November 6, 2023
In 2006, Pam Longobardi traveled to Ka Lae, the southernmost tip of Hawaii’s Big Island, for a residency. Cradled by a rugged coastline and high cliffs towering over the Pacific Ocean, the point marks a confluence of currents where marine life and debris gather on shore, making it a popular fishing spot and unintentional waste collection site. “There I saw an immense multitude of colors and forms of plastic that was being vomited out of the ocean, piled so deep it was beyond my arm’s reach to the bottom,” Longobardi tells Colossal. “The shock was so profound that it completely reoriented my art practice and my life.”
While determined to address the issue, Longobardi quickly understood she couldn’t work by herself. “As an artist, still going on my research missions to Hawai’i as frequently as I could but still often alone, it began to be overwhelming, exhausting, depressing to the point of self-doubt,” she says. Instead, she wanted to create something collaborative and community-based, linking activists, environmentalists, and artists with people living in the region and directly witnessing the impacts. These experiences spurred a now two-decade endeavor known as the Drifters Project, a practice of creating installations and sculptures that help visualize the catastrophic amount of plastic ruining the world’s ecosystems.
Most works begin with Longobardi and a team cleaning specific areas and preventing plastic from embarking “on the wild journey that ends at sea and negatively impacts many, many life forms along the way.” Once the area is scoured and cleared, the artist arranges the findings by color or material into works that convey the immensity and breadth of over-consumption and the inadequacy of our waste systems.
Recent installations include “Endless (zombie Brancusi),” a series of nine totem-like sculptures made of nets and styrofoam, and an algae-shaped work titled “Ocean Archaeology of Our Time.” Although created in the Maldives, an island nation at the forefront of sea level rise and currently grappling with the effects of luxury tourism, the latter piece exhibits more than 1,000 components gathered both locally and in locations like Costa Rica, Indonesia, and Alaska. “It’s important in my works that I remix, as the ocean does, plastics from all over because it is not one place’s issue,” Longobardi says. “It’s (an) all-places problem.” This global vision grounds the Drifters Project, which calls attention to the way cigarette butts, bottle caps, and packaging from one part of the world can wash up on shores thousands of miles away.

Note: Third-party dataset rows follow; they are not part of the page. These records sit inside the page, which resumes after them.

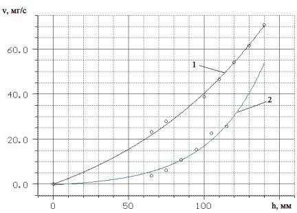 1 – дистилированная вода, h1=140 мм, h2=130 мм; 2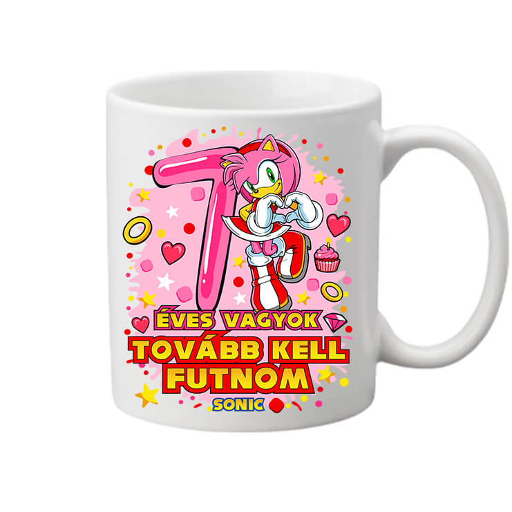 Sonic Amy 7 éves születésnap – Bögre. Klasszikus extra fényes fehér bögre 3dl-es méretben. Mikrózható és mosogatógépben mosogatható. Hosszan tartó színtartás és kopásállóság. Sonic Amy 7 éves születésnap – Bögre Sonic Amy rajongóknak, 7 éves szülinaposoknak. Egyedi ajándékok, póló nyomtatás a Pólóplanet webáruház oldalán.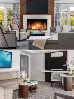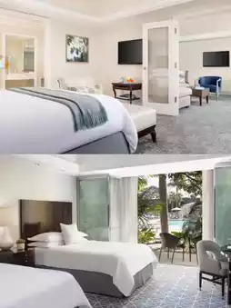 Most rooms have a private terrace or balcony with stunning sea views, and some first-floor sea view rooms also have outdoor fire pits; equipped with luxurious down duvets and pillows, 400-thread-count Egyptian cotton sheets, 55-inch to 65-inch LED flat-screen 1080p smart HDTVs, wireless and wired Internet, in-room laptop-sized safes and power outlets, Nespresso coffee machines, and more; marble bathrooms, most rooms have double sinks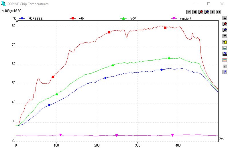 The graph attached shows the surface temperature of the FORSEE, A64 and AXP chips from boot to browsing a web page and viewing a video then shutting down.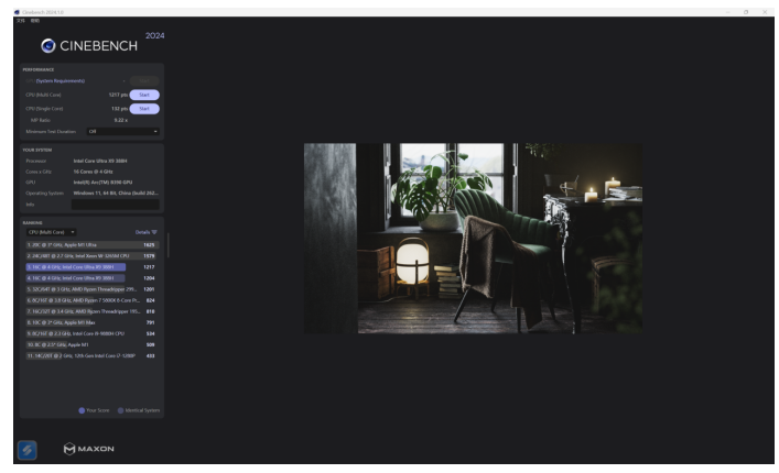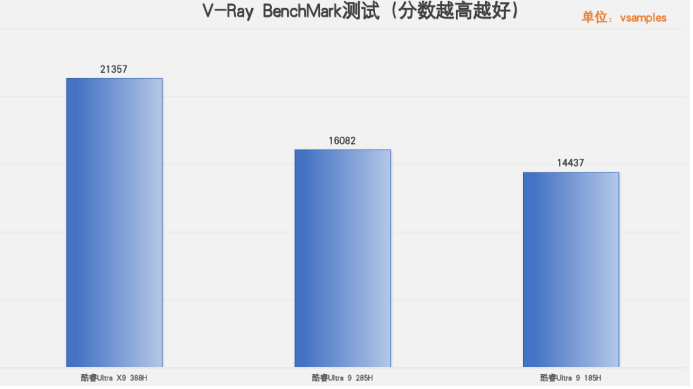 渲染性能方面,通過V-Ray Benchmark進(jìn)行測試,酷睿Ultra X9 388H的成績?yōu)?1357,相比酷睿Ultra 9 285H提升了約33%;相比酷睿Ultra 9 185H提升了約48%。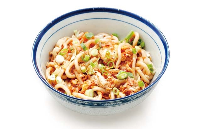 Soupe mise, Udon sautées, oeuf, ciboulette, choux, oignons frits avec poulet pané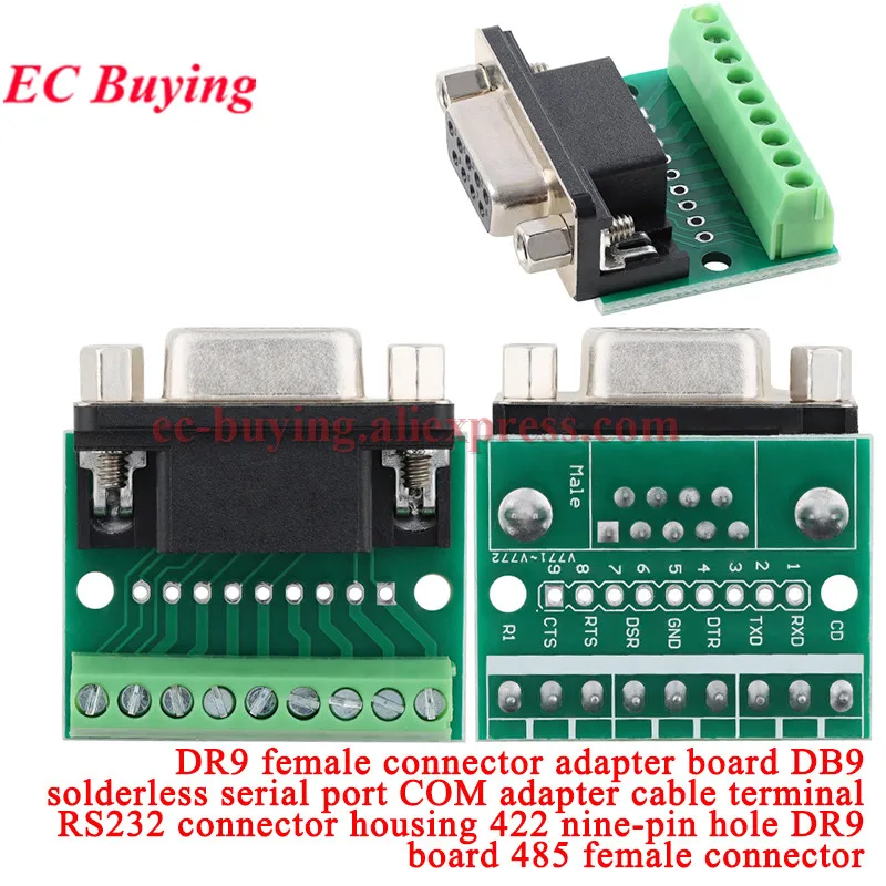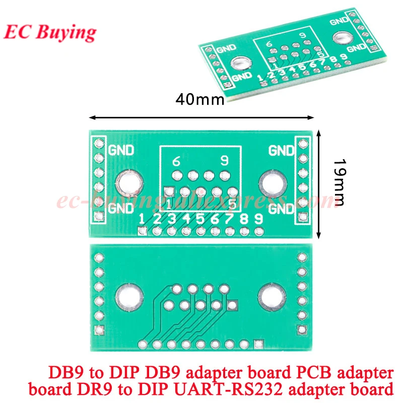 Convierta DR9 (macho o hembra) en una sola fila de conector recto de 2,54 mm DIP 9 pines: cada lado de la placa está equipado con un espacio de 6 pines de 2,54 mm, lo cual es conveniente para fijar la placa a una placa universal u otra placa de experimento.

One of Longobardi’s largest endeavors is “Plastic Free Island,” an ongoing initiative to keep waste from the beaches of Kefalonia, Greece. Launched in 2011, the project initially paired an international team of students with hundreds of the island’s citizens. Together, they harvested refuse from the shores and created a 44-foot installation and performance. “Plastic Free Island” can provide a sustainable template for reimagining island communities directly facing the impacts of the climate crisis, she says, noting, “Last summer when I went back, we found that all the cafes had switched to paper straws. It was a most rewarding moment to see the results of direct art/science/activism take shape.”
That the Drifters Project can foster community and spark real-world change is also evident in Longobardi’s 2022 book Ocean Gleaning, which documents her works and collaborations over the years along with contributions from about 75 people with similar interests. This crowd-sourced section records evidence of plastics gathered around the world with commentary on the findings. The book also documents waste materials animals often mistake for food, further implicating humanity in causing environmental harm. As Sarah Rose Sharp writes in a review, “The forensic examination of plastics in Longobardi’s work has particular resonance in the context of popular interest in true crime. Stories of horrific murders can always find a voracious audience, but an environmental threat which could ultimately be history’s greatest serial killer is somehow less sensational or interesting.”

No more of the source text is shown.